Recently, the National Academy of Sciences issued a massive report analyzing how to cut U.S. gasoline use in half by 2030, and beyond that, how to reduce transportation emissions 80 percent by 2050.
If you don't want to read all 395 pages, Brad Plumer has an excellent write-up. The take-home message is that no one technology or policy -- efficiency, feebates, plug-in electrics, fuel cell vehicles, natural gas vehicles, what have you -- can get us to those goals. To make the numbers add up, you have to do them all together.
I don't have a bone to pick with any of the report's numbers, but I do want to use it to make a point.
In a previous post I made a distinction between widgets, which are the discrete elements of a system, and systems themselves. It is possible to model changes in widgets with some precision. You establish a baseline scenario ("business as usual") in which status quo policies, behaviors, and trends are locked into place and then model changes in a single variable, or small set of variables. This makes things manageable. If you set out to model changes in a large number of variables and how those changes interact with one another -- i.e., to model systemic changes -- things quickly become computationally intractable.
This is why modelers are always at pains to say that they are not making predictions, especially regarding scenarios stretching out to 2030 or 2050. Most such scenarios amount to, "what would happen if everything else stayed the same but this particular thing(s) changed?"
In the real world of human societies, of course, everything is changing at once. There are multiple overlapping complex systems, all of them displaying emergent properties and nonlinear dynamics. It makes predictions difficult -- especially, as they say, about the future.

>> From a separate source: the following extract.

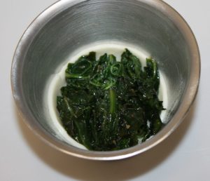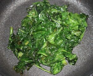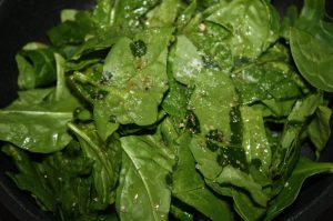En otra sartén con dos cucharadas de aceite saltear las espinacas con una pizca de sal y pimienta.

You can't predict long-term changes in human cultures with models, though models can inform such predictions. Envisioning long-term change scenarios requires an understanding of history and political economy, serious engagement with culture and technology, a good grasp of systems dynamics, and a substantial dollop of intuition. Models can bring clarity to such analysis, but they cannot prove or disprove any scenario. Only time can do that.
Anyway, why am I blathering on about this? Because I fear that people take reports like the NAS one the wrong way, as a kind of delineation of what's possible. It is not that. It merely demonstrates the limits of widget-based analysis.
Plumer notes that the report passes almost entirely over changes in land use and public transit, but I think that's just one aspect of a larger phenomenon, which is that the report confines itself entirely to changes in vehicles. (To be fair, that's what lots of people seem to do when imagining changes in transportation.)